The inflation report follows the recent cut in the Central bank benchmark interest rate to 12% on August 31, after raising it at the previous five policy meetings, in the most abrupt turnaround in monetary policy since 1999.
The bank said a “moderate adjustment” in the key rate wouldn’t compromise its 4.5% inflation target next year because of a “substantial deterioration” in the global economy.
Last week’s rate cut prompted analysts covering the Brazilian economy to increase their inflation forecasts for next year and 2013.
Consumer prices will rise 5.32% next year, according to the median forecasts in a Central bank survey of about 100 economists published Monday. The forecasts were up from 5.2% the previous week. The benchmark Selic rate will fall to 11.88% by the end of 2012, the survey found.
Core inflation rose 0.42% in July, from 0.37% in June, and should continue to rise in coming makes, making further cuts unadvisable, Flavio Serrano, an analyst for Espirito Santo Investment Bank, said in a report.
The increase in prices last month was the biggest since a 0.47% rise in May. Food prices rose for the first time since May, jumping 0.72% in August. Transportation costs fell 0.11%. Clothes prices rose 0.67%, while housing increase 0.32% and household goods jumped 0.57%.
Central bank president Alexandre Tombini has said that the pace of price increases will start to slow in September.

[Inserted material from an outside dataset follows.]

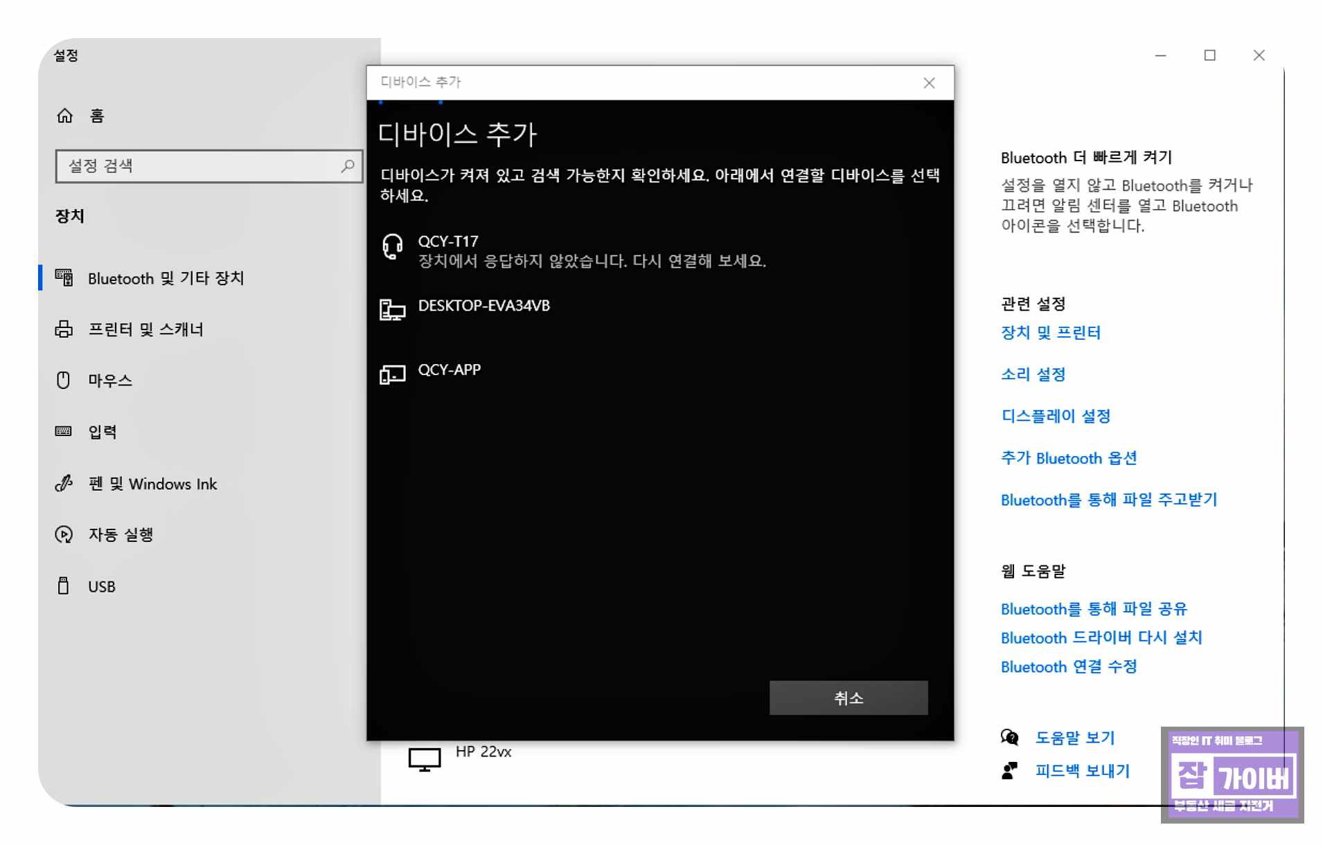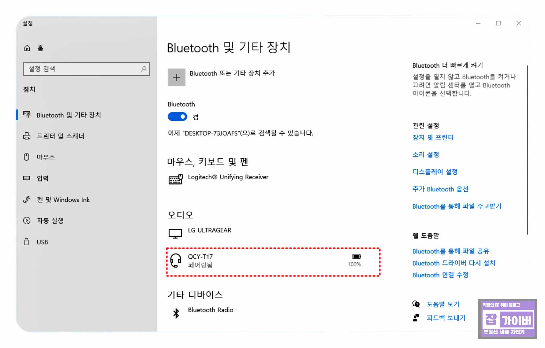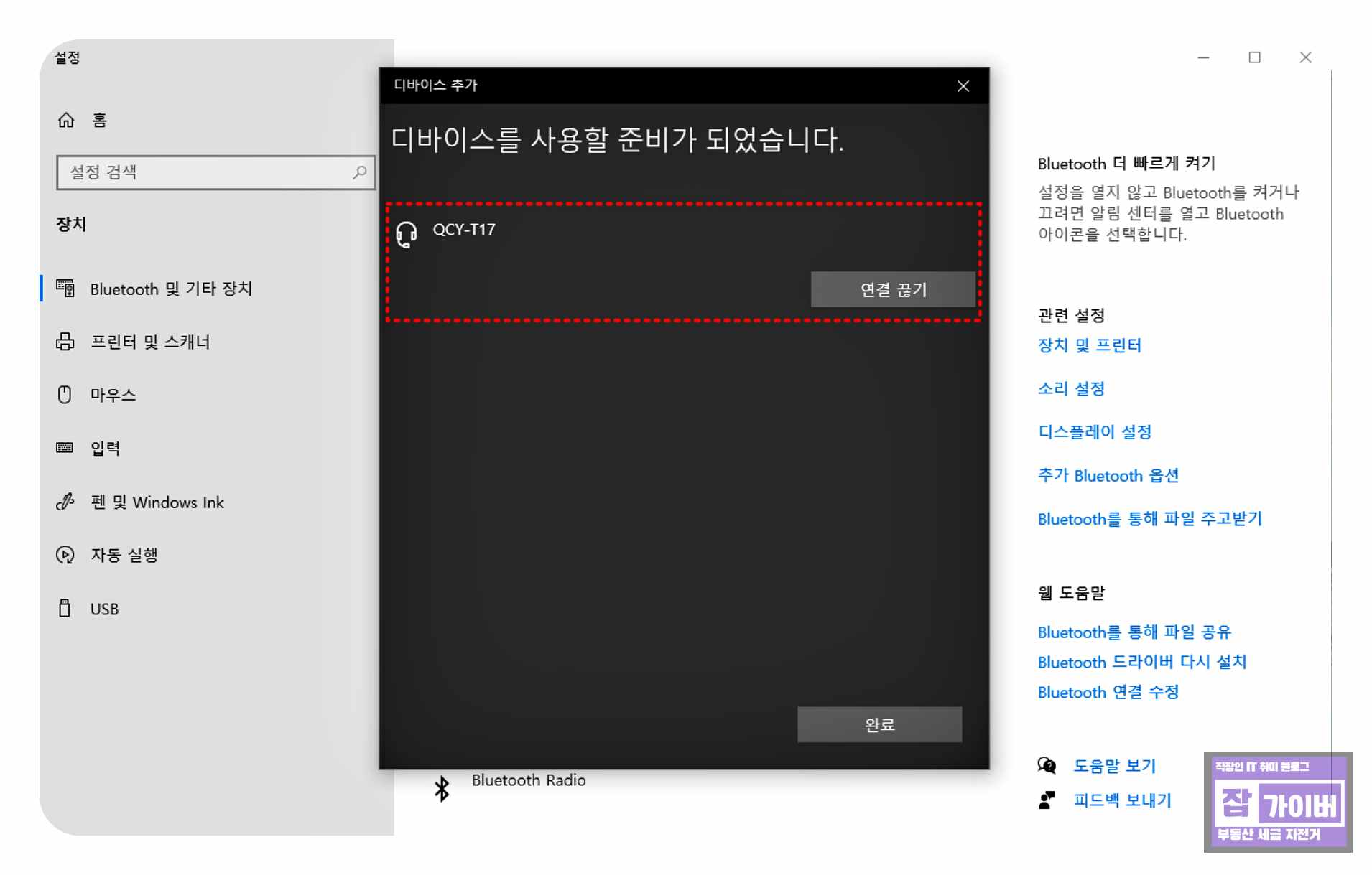 일단, 윈도우10 기준으로 BlueTooth 및 기타 디바이스 설정에 들어가 연결된 상태의 QCY-T17 블루투스 이어폰을 확인했습니다. 그러나 소리가 나오지 않아 페어링을 해제하고 다시 연결해 보았습니다.

Brazil’s economic growth slowed last quarter the most since its 2009 recession, growing 3.1% from a year earlier. Growth was led by a 4.9% xpansion in the retail sector, while imports surged 14.6% after the Super Real hit a 12-year high during the quarter.
A new report on Tuesday showed that manufacturers reduced production in July. Installed capacity fell to 82.1%, its lowest level since February 2010 and down from 82.4% in June.
While inflation has shown signs of slowing, rising wages are still bolstering demand. Brazilian unemployment fell to 6% in July, (the lowest level this year), and salaries for autoworkers have risen as much as 20% in recent weeks. Brazil’s minimum wage, which is used to adjust pension payments, is slated to rise 14% next year.
President Dilma Rousseff is counting on further rate cuts this year and has told the central bank she will reinforce fiscal measures to pay for the shift in monetary policy, Folha de Sao Paulo reported Tuesday.
Rousseff considers it a good moment to bring rates down to the level of developed nations, which would help convince lawmakers to limit public spending, according to the newspaper.
“There can be no doubt about us continuing our rigorous strategy of containing inflation” Finance Minister Guido Mantega said in an interview in Sao Paulo on Sept. 2.
Government efforts to contain spending will assist the central bank in its inflation fight and complement a “more active” use of monetary policy, Mantega said. The government last month raised by 10 billion Real its budget surplus before interest payments target this year, and Rousseff’s administration has no plans to increase salaries for federal government employees in 2012, he said.